Valjevska Tamnava (Ваљевска Тамнава) is a historical subregion (or microregion) in Serbian Posavina in west Serbia. It includes villages in the area of Obrenovac, Lajkovac, Ub, Valjevo and Koceljeva. It was a knežina (Christian self-governing village group) in the Sanjak of Smederevo and a knežina (administrative unit) in Revolutionary Serbia.

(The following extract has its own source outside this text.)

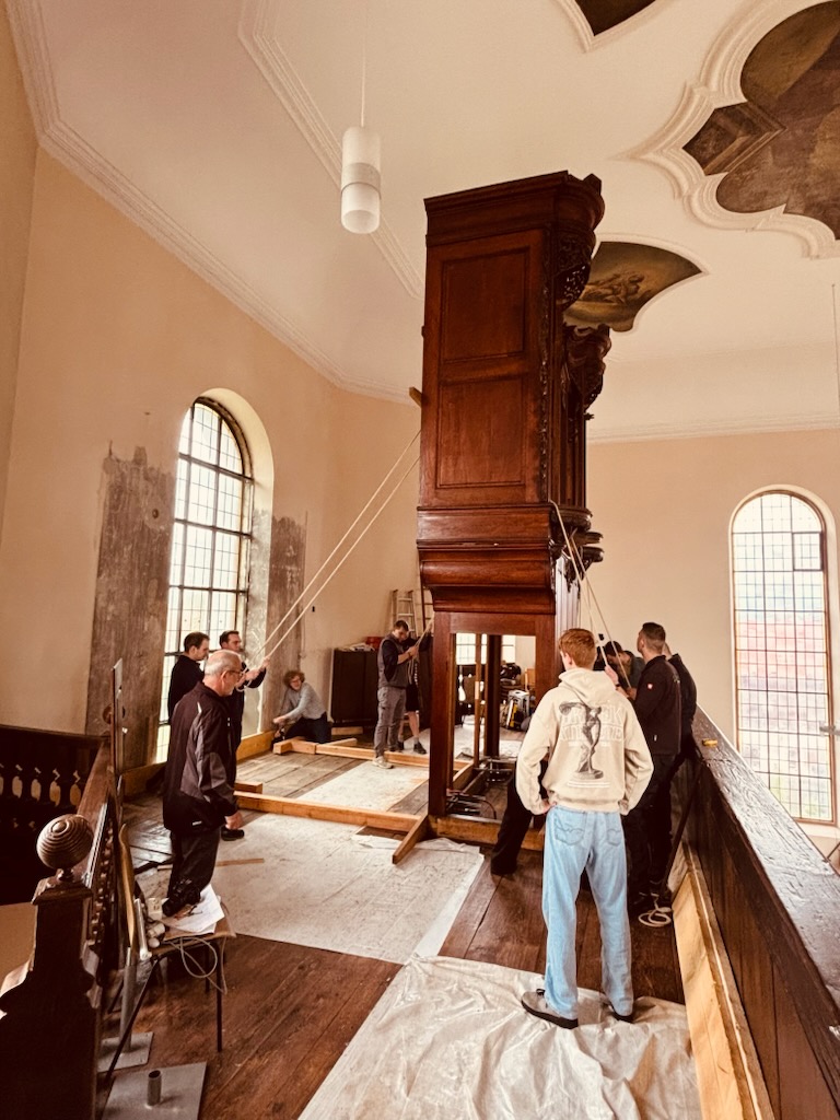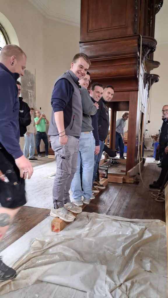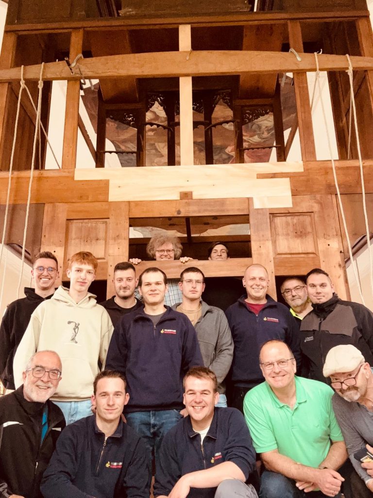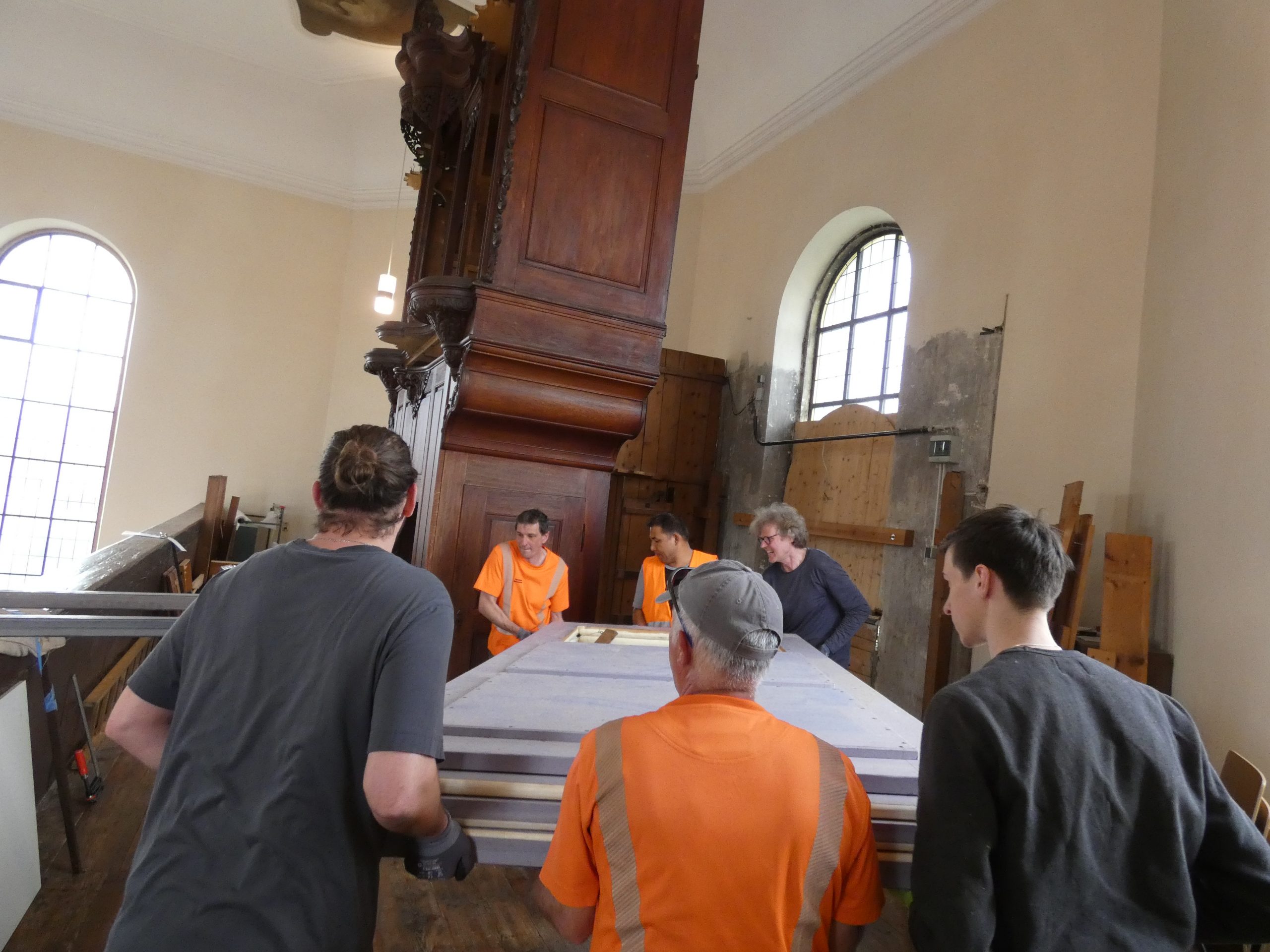 Nach einer knappen Stunde war es geschafft und das Gehäuse sicher nach vorne gerückt. Der gesamten Mannschaft, die dabei war gilt der herzliche Dank der Kirchengemeinde für die Unterstützung – sicherlich werden sich alle noch lange an diesen historischen Moment erinnern.

Further, the Posavina (Sava basin) region includes the microregions of Posavina and Posavotamnava.

==Geography==
Pavlović (1912) describes Valjevska Tamnava in the wider sense as stretching from the Kolubara river in the east, Sava river in the north, Vukodraž river in the west, and Vlašić mountain in the south.

==History==
===Middle Ages===
In the Middle Ages, during the Banate of Macsó of Hungary and the Serbian Despotate, the župa (counties) of Beljin, Nepričava, Kolubara, Tamnava and Ub, were mentioned in the 14th- and 15th centuries in the area of Tamnava.

===Serbian Revolution===
During the First Serbian Uprising (1804–13), the Valjevska Tamnava area was organized into a knežina (administrative unit) of Revolutionary Serbia, belonging to the Valjevo nahiya. The Valjevo nahiya had included three knežina (Christian self-governing village groups) prior to 1804, the Posavina (or "Valjevska Tamnava"), Jadar, Ljig/Podgor (or "Valjevska Podgorina"). Prior to the uprising, Free Corps veteran Aleksa Nenadović from Brankovina served as the obor-knez of Posavina–Tamnava. He was executed by the Dahije in the Slaughter of the Knezes in January 1804.

On , Serb notables met at Orašac in the Kragujevac nahiya and decided to rise up under the command of Karađorđe. Aleksa's brother Jakov Nenadović had succeeded as obor-knez of Tamnava, and when hearing that the Kragujevac, Rudnik and most of the Belgrade nahiyas had risen up, he and his nephew, Aleksa's son, the archpriest Matija Nenadović, decided to organize rebellion in the Valjevo nahiya. On , or the following day, the Serb notables of the Valjevo nahiya gathered at the Brankovina height (Brankovački vis) and decided to rise up against the Dahije. Some 700 men were gathered, but they were ill-equipped. Jakov took 300 men of Posavina and Tamnava and went to Beljin and fought with the Šabac Turk detachment on , with many wounded on both sides. The rebels under Matija Nenadović and Nikola Grbović took over Valjevo in March and at the same time, Jakov Nenadović destroyed an enemy unit at Svileuva.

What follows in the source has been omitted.